As a current member of the CUPE 3902 Unit 3 Bargaining Team with a mandate to bring forward Unit 3 members’ bargaining priorities, I’ve been fascinated to hear firsthand at the table the employer’s posturing about how concerned they are with maintaining high quality. I’m not buying their performance and believe instead that it’s only a matter of time before their shortsighted employment practices erode the very quality they claim to hold sacred.
I’ve been in this contract-after-contract quagmire for 9 years now, hired back repeatedly while rising through advancement process ranks because of the high-quality work that I do. Forgive me, University of Toronto, for not subscribing to the bogus argument that offering me and my colleagues some modicum of job security would erode the quality of this institution; you know already that your employees are doing great work. Forgive me, University of Toronto, for not accepting your assertion that the purpose of lecturers is merely to “fill in” for tenure-track folks who are on leave; you already know that some lecturers have been “filling in” for more than a quarter century. For goodness’ sake, University of Toronto management, can you at least have the decency to admit that your precarious employment scheme is about institutional profit and not at all about institutional quality?
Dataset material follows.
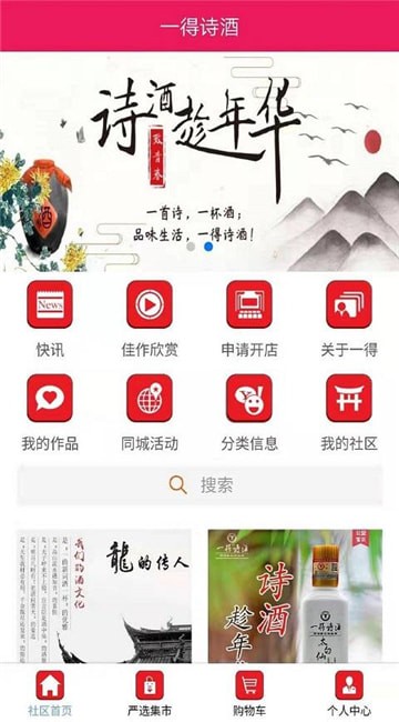 一得诗酒安卓版是一款购物应用,可以为消费者提供手机购物的便利,丰富的商品涵盖酒水、母婴和文化产品、健康食品等种类,想买的商品能够在此一一选购和搜索,在购物之外还能在此欣赏诗歌名作,能够一边品酒一边赏诗,任何人都能在此体验故人的诗会乐趣。实时的快讯、佳作视频欣赏和申请开店、作品管理等版块都能在首页之中发现,喜欢诗歌、饮酒的人可以在这里的社区之中进行互动,以酒会友、以诗会友都可以,志趣相投的人可以在此相互交流分享作品,每个人可以自选分类信息,本地各种信息资源都能在此找到,这样综合性的购物app赶快下载吧。

Perhaps it’s time for all precarious employees at the university to ponder whether or not it’s worth continuing in precarity as the academic equivalents of a Village Idiot, especially when the employer seems not to comprehend that our exceptional talents set the beat for this organization. Does the university want employees who are loyal, engaged, and high quality? Or are they content to take the risk that one by one, their employees will trade in both drumsticks and dreams? Nobody wants to be the almost-Nickelback-guy, but one could hardly blame anyone for walking away from this absurdly precarious system. University of Toronto employees aren’t the only ones with a decision to make, though. It’s time for university management to wake up to the myriad ways they’re harming what could and should remain a truly world-class institution.